DATA SECTION:
= Beginning of Section =
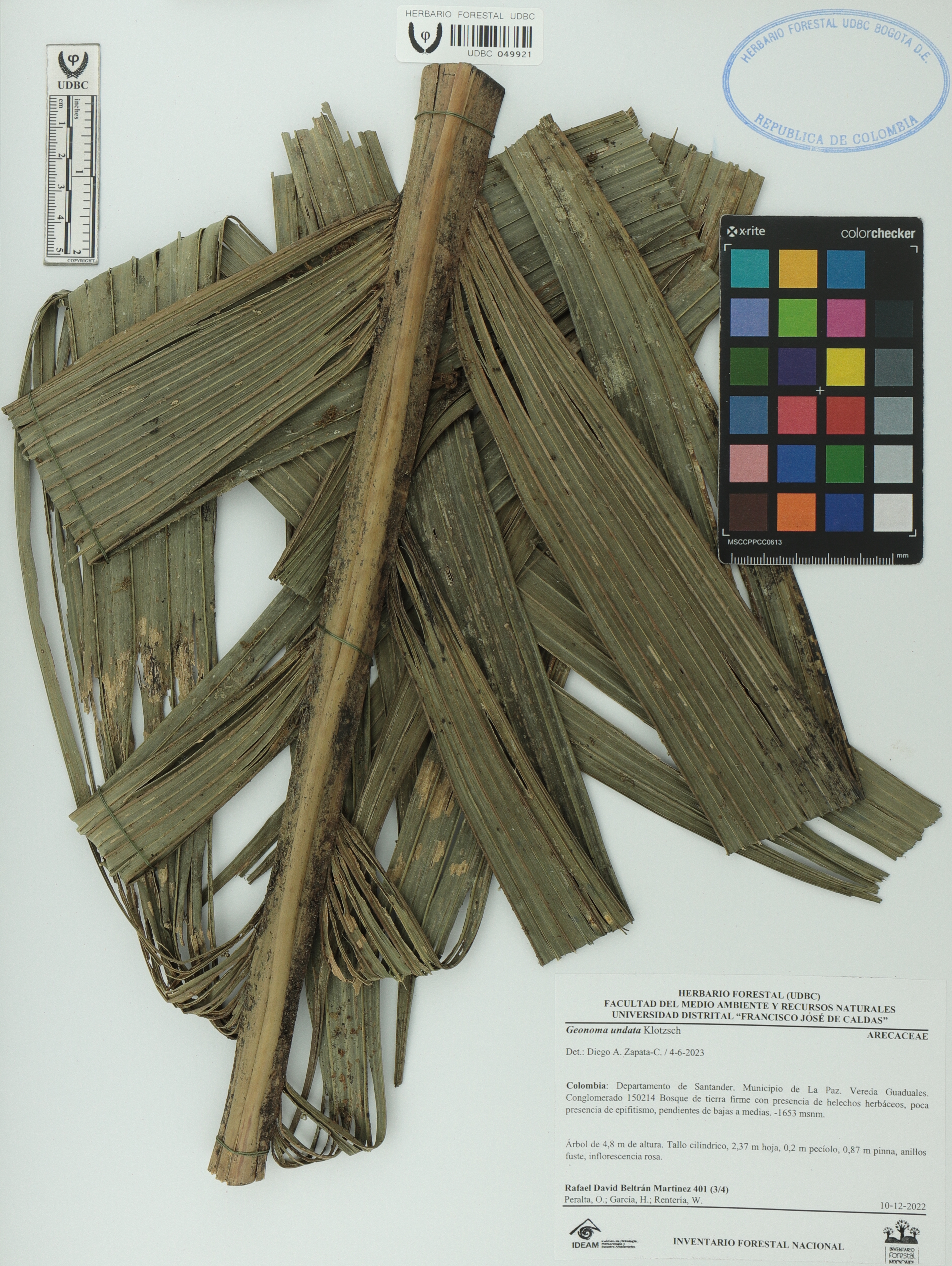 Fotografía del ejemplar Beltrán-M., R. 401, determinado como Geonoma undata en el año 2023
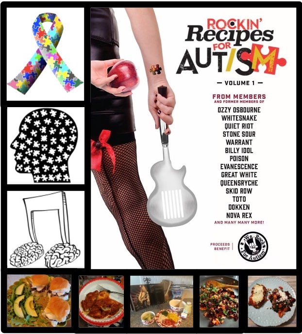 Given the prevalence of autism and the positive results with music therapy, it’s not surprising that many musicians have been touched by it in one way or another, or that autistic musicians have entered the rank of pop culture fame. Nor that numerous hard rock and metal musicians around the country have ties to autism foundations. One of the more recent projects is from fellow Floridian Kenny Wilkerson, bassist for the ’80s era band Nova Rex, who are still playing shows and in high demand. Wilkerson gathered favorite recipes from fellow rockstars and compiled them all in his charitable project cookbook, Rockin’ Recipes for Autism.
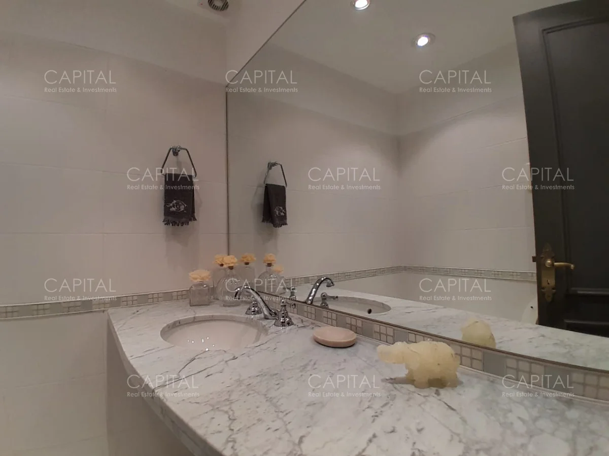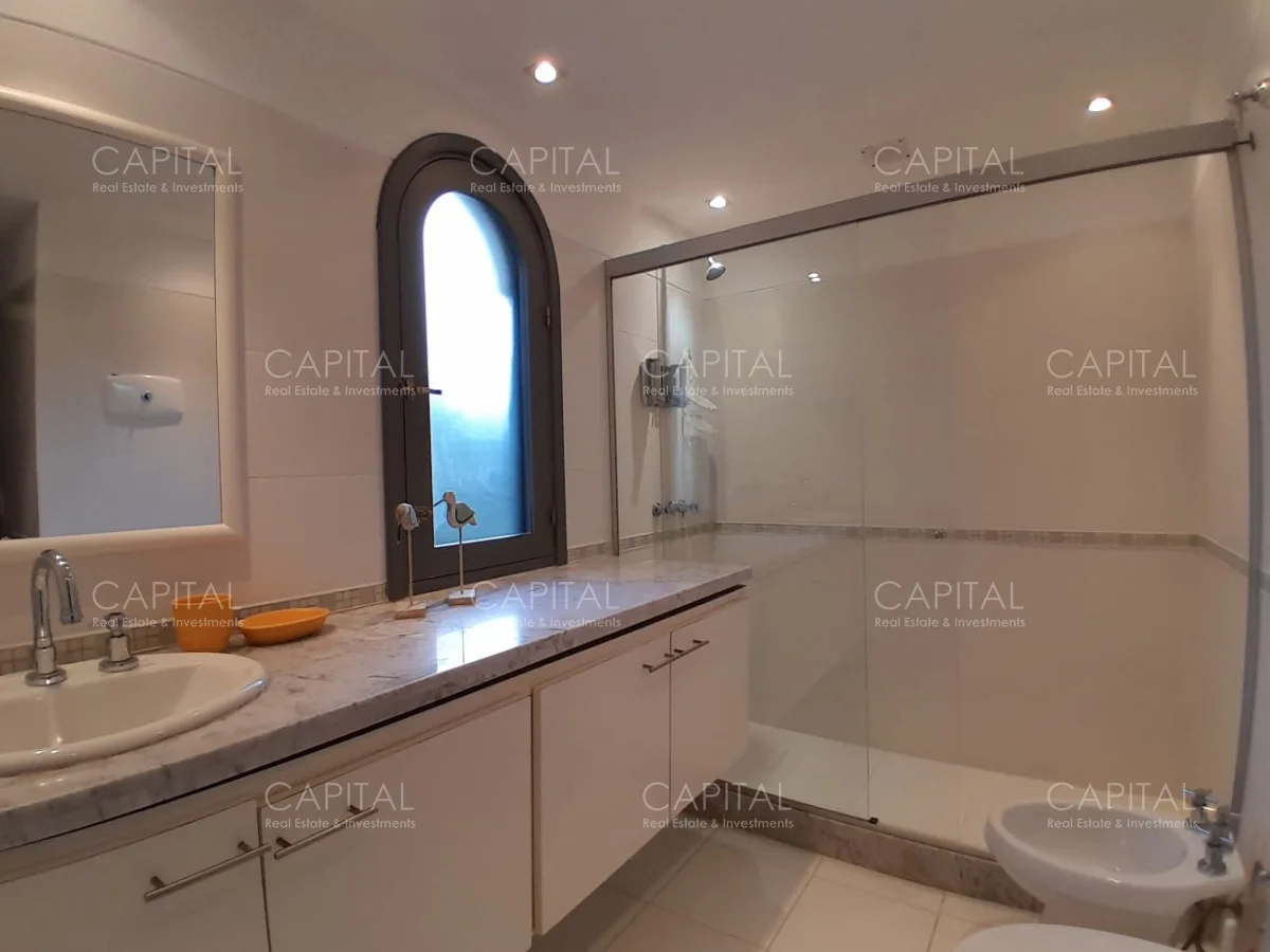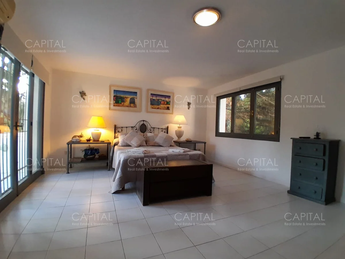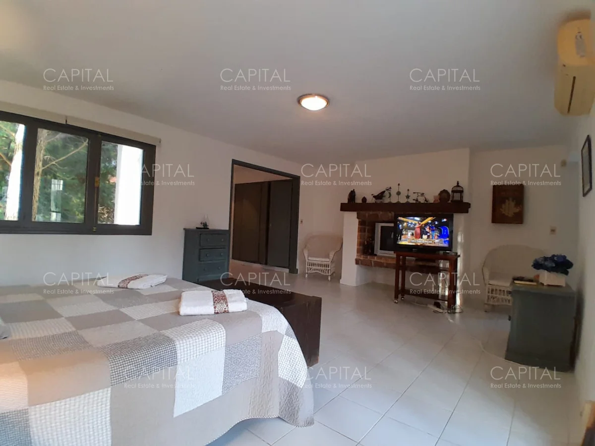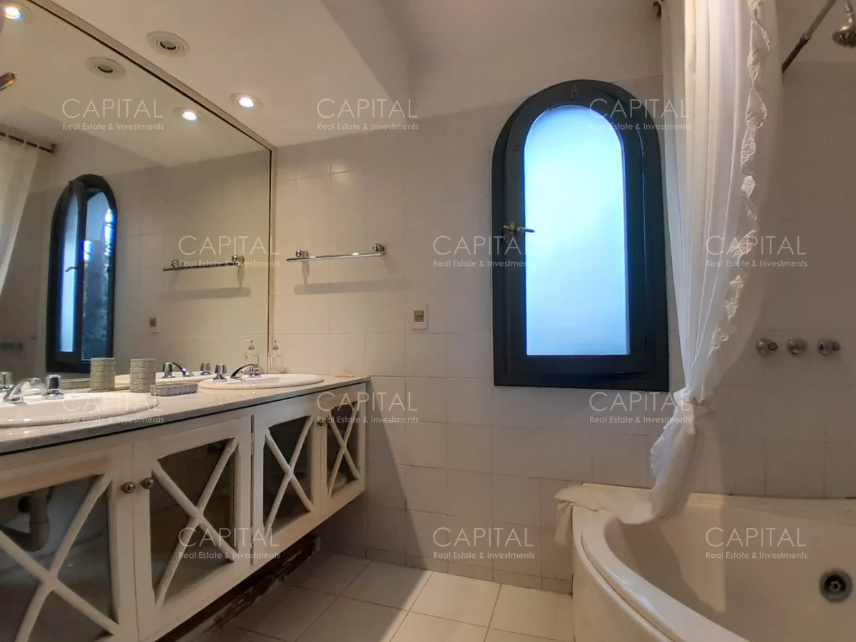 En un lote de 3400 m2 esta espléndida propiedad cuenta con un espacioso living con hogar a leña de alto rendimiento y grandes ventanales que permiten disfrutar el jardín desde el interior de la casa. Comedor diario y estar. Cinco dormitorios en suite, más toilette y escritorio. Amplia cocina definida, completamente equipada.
= End of Section =
EXERCISE OBJECTIVE:
Return the data exactly as it stands, minus the pictures.

REPLY TO THE EXERCISE:
 Fotografía del ejemplar Beltrán-M., R. 401, determinado como Geonoma undata en el año 2023
 Given the prevalence of autism and the positive results with music therapy, it’s not surprising that many musicians have been touched by it in one way or another, or that autistic musicians have entered the rank of pop culture fame. Nor that numerous hard rock and metal musicians around the country have ties to autism foundations. One of the more recent projects is from fellow Floridian Kenny Wilkerson, bassist for the ’80s era band Nova Rex, who are still playing shows and in high demand. Wilkerson gathered favorite recipes from fellow rockstars and compiled them all in his charitable project cookbook, Rockin’ Recipes for Autism.
 En un lote de 3400 m2 esta espléndida propiedad cuenta con un espacioso living con hogar a leña de alto rendimiento y grandes ventanales que permiten disfrutar el jardín desde el interior de la casa. Comedor diario y estar. Cinco dormitorios en suite, más toilette y escritorio. Amplia cocina definida, completamente equipada.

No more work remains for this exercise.